Sky-high airfares and lack of Chinese tourists hit Australian economy hard
- China used to be the biggest source of tourists for Australia, but its Covid Zero approach means Chinese aren’t travelling internationally
- Australia has raised its permanent immigration ceiling to allow up to 195,000 workers into the country every year, but expensive airfares are a deterrent

The high cost of global travel right now is fuelling Australia’s worker shortage, the country’s trade minister said, with the jobs market the tightest it’s been in almost 50 years as the coronavirus crisis eases.

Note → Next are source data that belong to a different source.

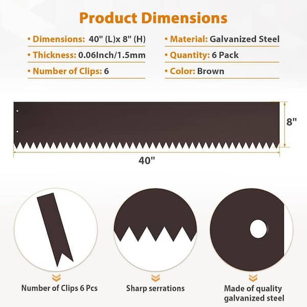 40 x 8 in. Brown Hammer in Metal Landscape Edging for Landscaping, 6-Pack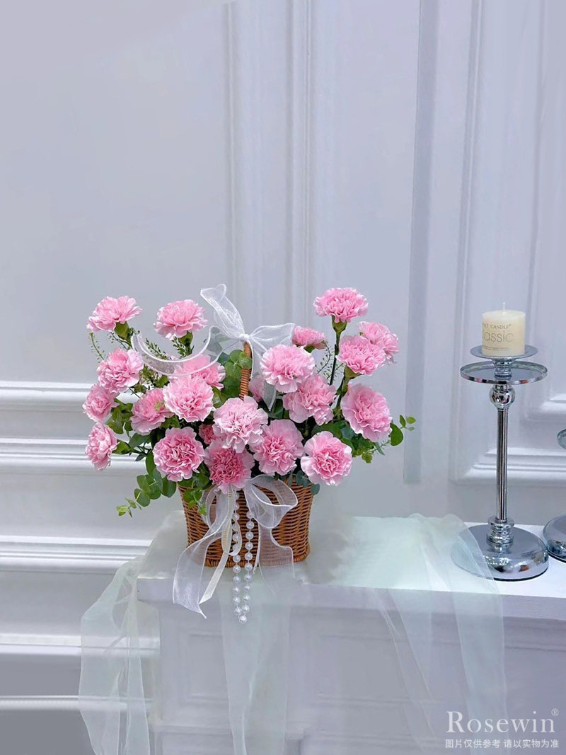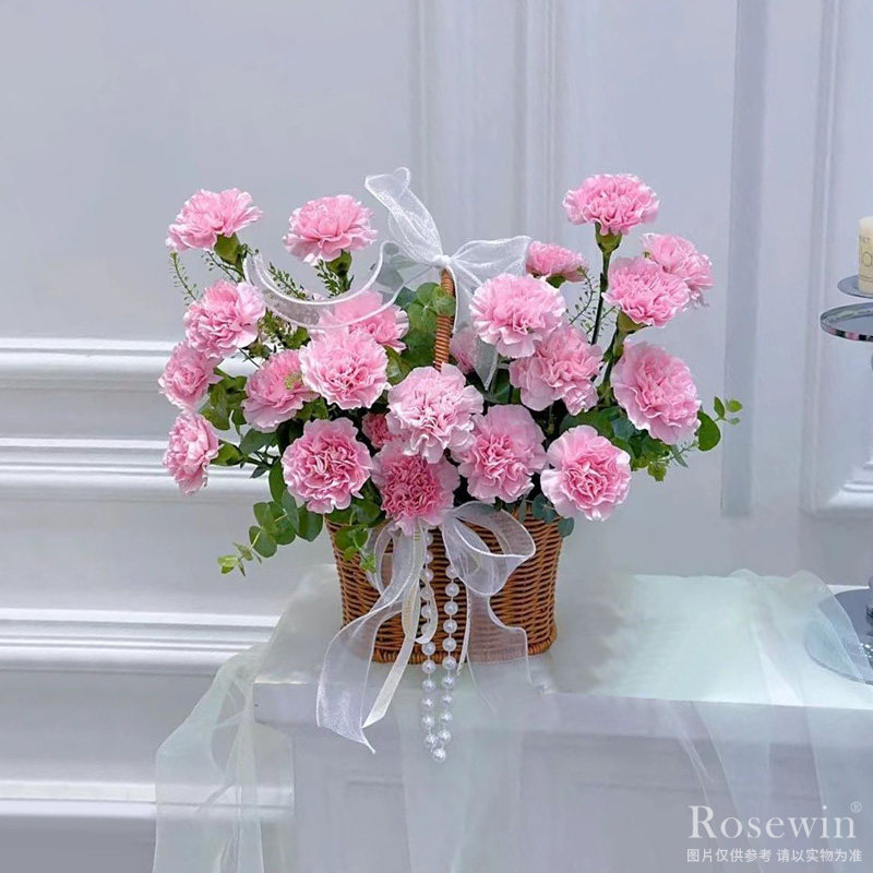 19朵粉色康乃馨,適量尤加利葉,白色蕾絲蝴蝶結(jié),白色珍珠裝飾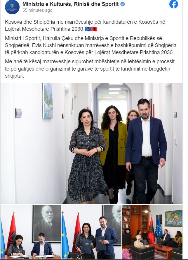 Ministri i Sportit të Kosovës, Hajrulla Çeku dhe ministrja e Sportit e Republikës së Shqipërisë, Evis Kushi nënshkruan marrëveshje bashkëpunimi që Shqipëria të përkrah kandidaturën e Kosovës për Lojërat Mesdhetare Prishtina 2030.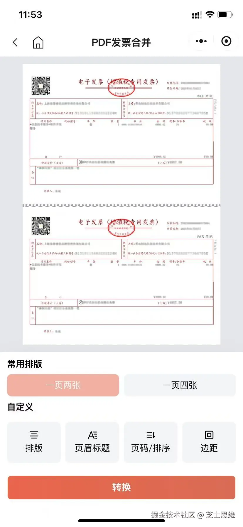 - 将多张发票合并到一页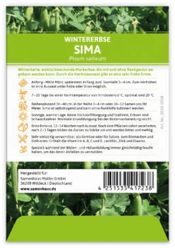 Winterharte, wohlschmeckende Markerbse, die mit und ohne Rankgerüst angebaut werden kann. Durch die Herbstaussaat gibt es eine sehr frühe Ernte.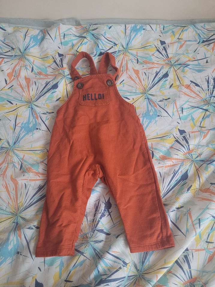 Renkli kahverengi, kolsuz, bol kesim erkek çocuk salopeti, göğüste "HELLOI" yazısı ile. Sokak stili için uygun.
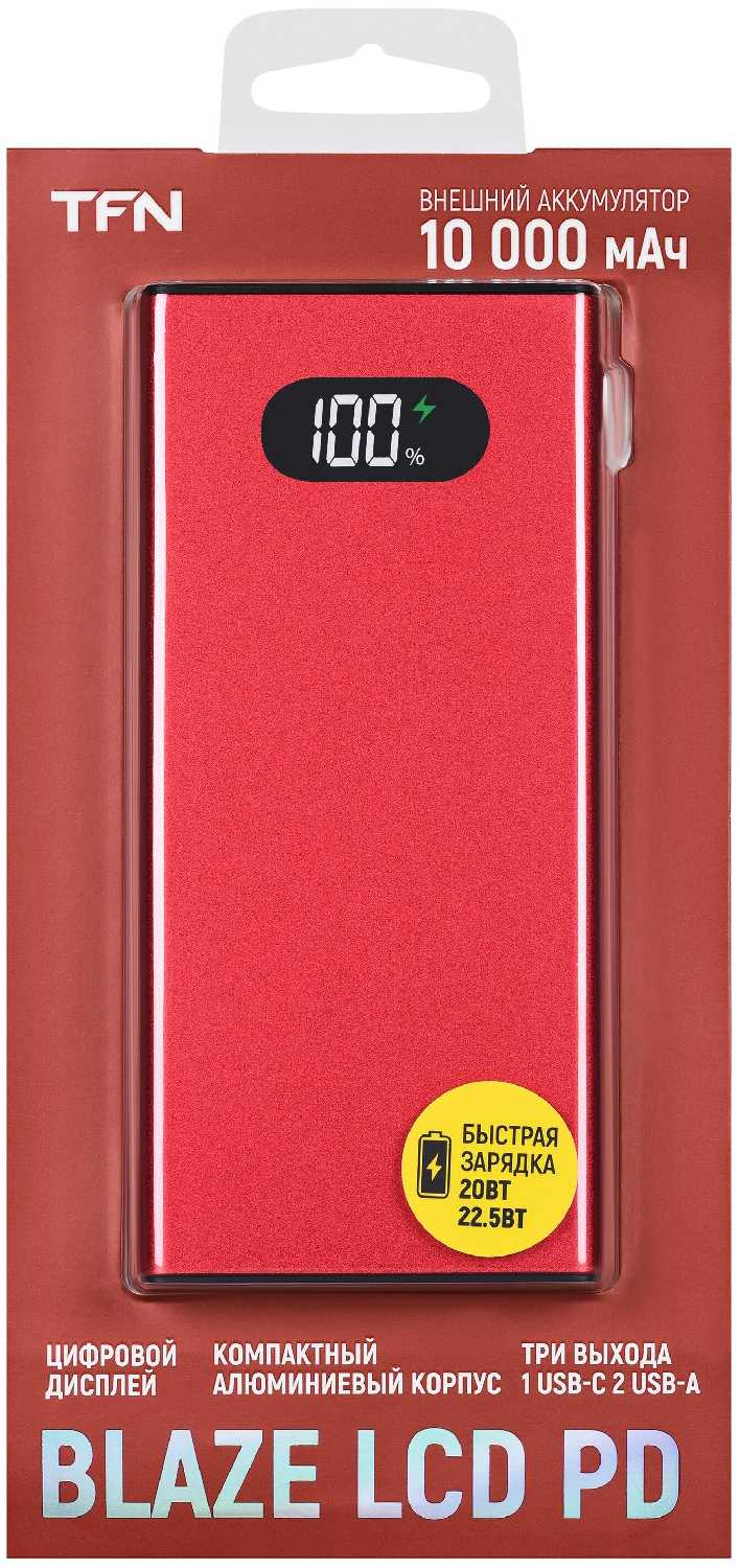 Лучшие цены сегодня на TFN АКБ 10000mAh Blaze LCD PD/красный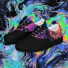 These slip-ons are all about that trippy, swirling liquid design, like a blacklight lava lamp. The colors are wild – purples, pinks, blues, greens – all blending together, man, like a crazy dream. But the real highlight? Plankton, lookin' fresh, riding the Krappy Patty, shaped like a sick Nike swoosh! It's like, totally absurd, but totally awesome. It's all about that weird-but-cool vibe, you know?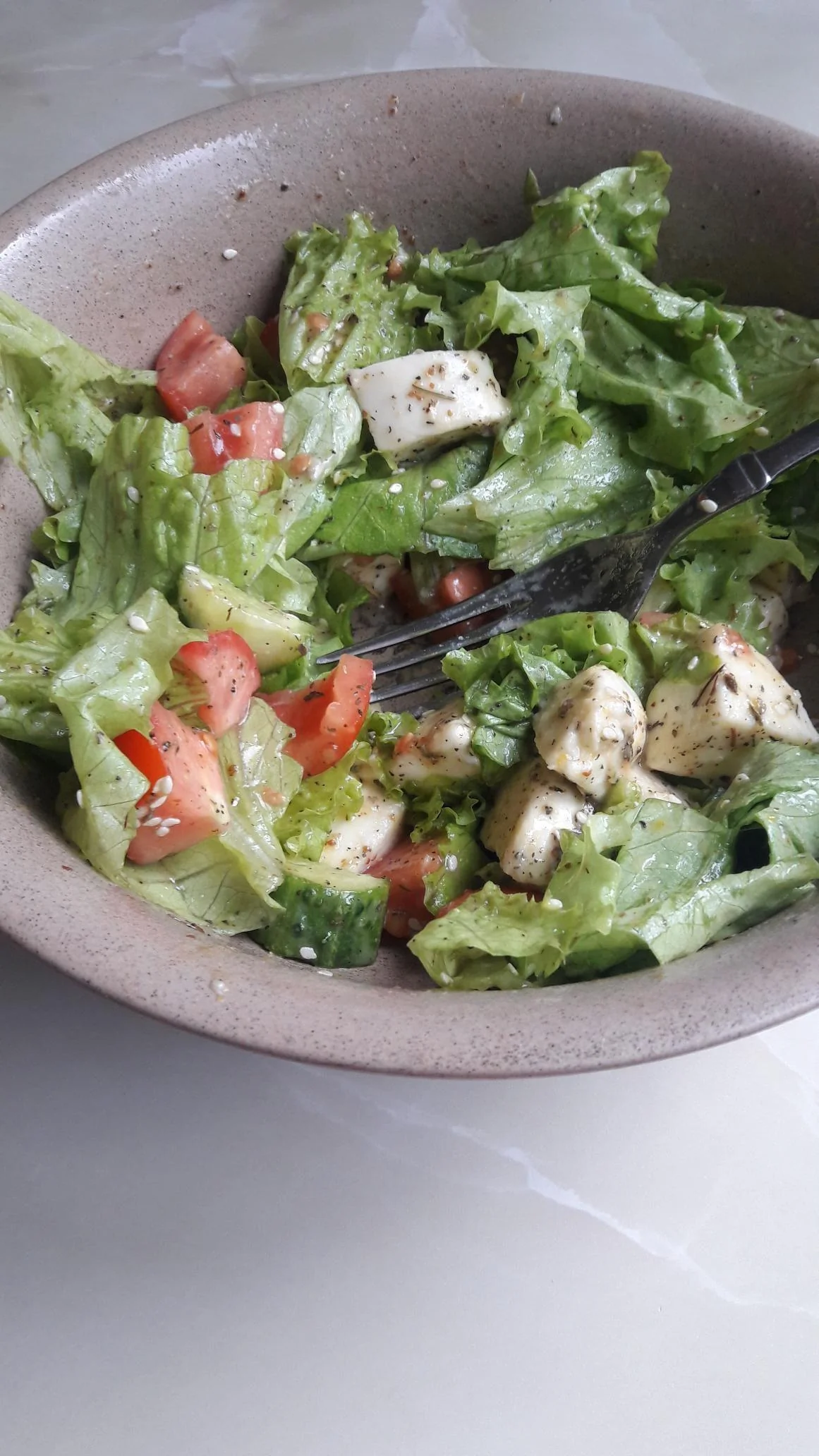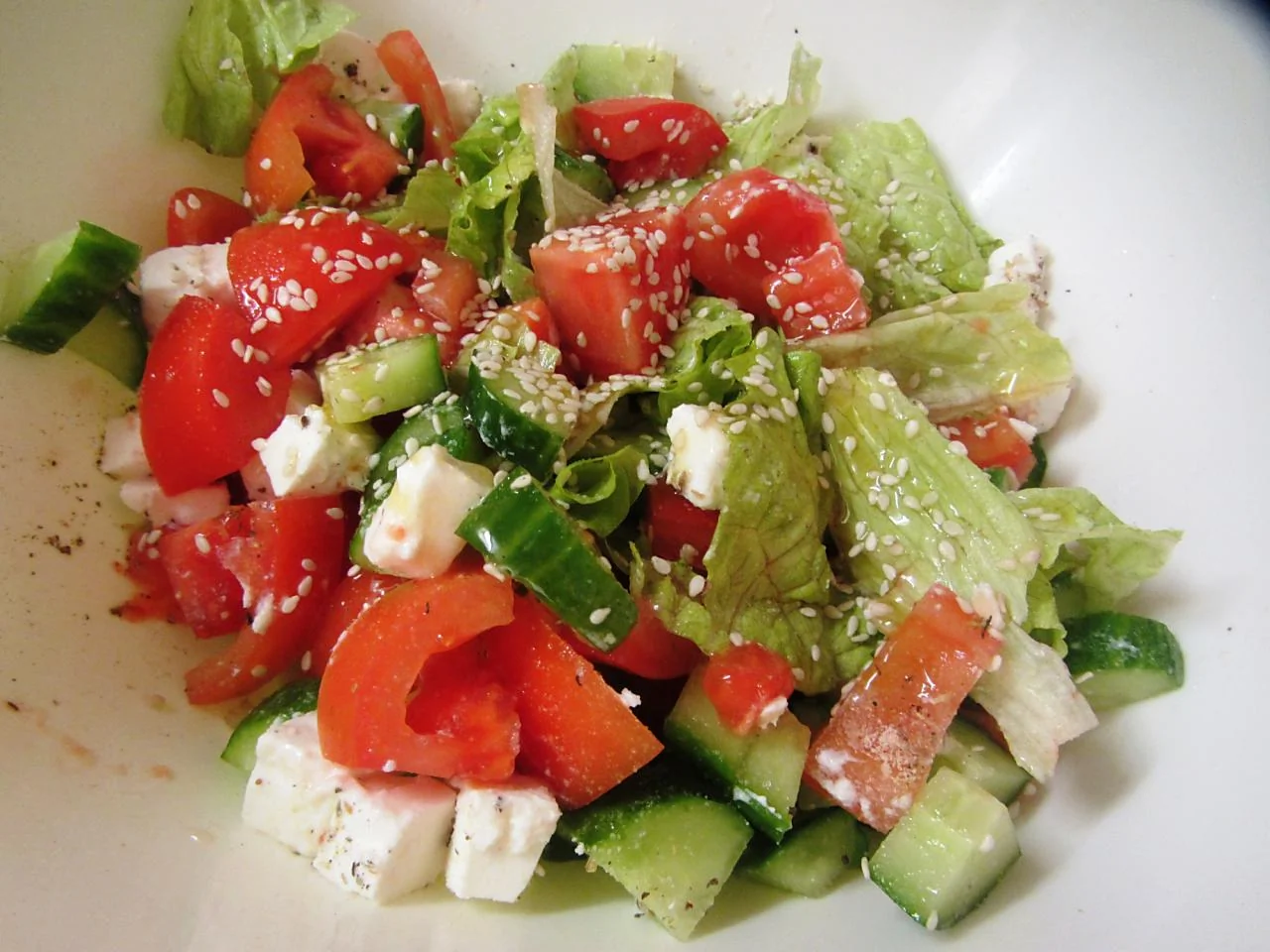 Овощной салат с моцареллой, кунжутом и пикатной заправкой

Pre-pandemic, foreign students and young travellers filled a key role in the Australian labour force, working in restaurants and other service-sector jobs, Trade and Tourism Minister Don Farrell said on the sidelines of a meeting of Indo-Pacific trade ministers.
Since the country dismantled its strict pandemic border regime earlier this year, demand for these sorts of visas has been high, but would-be workers are being deterred by “capacity and cost,” he said.
Expensive airfares are “an impediment to getting things back to normal in terms of staffing,” said Farrell. A lack of flights, with airline capacity not yet back to pre-pandemic levels, is also deterring workers, he said. “We’ve got to somehow address that.”
The cost of airfare from the US to Australia had roughly tripled from pre-pandemic times. Tickets out of the UK over the northern hemisphere this summer were up by almost a third, according to online travel agency Kayak, while flights from Australia were roughly 20 per cent more in April than they were in 2019, a Mastercard Economics Institute study found.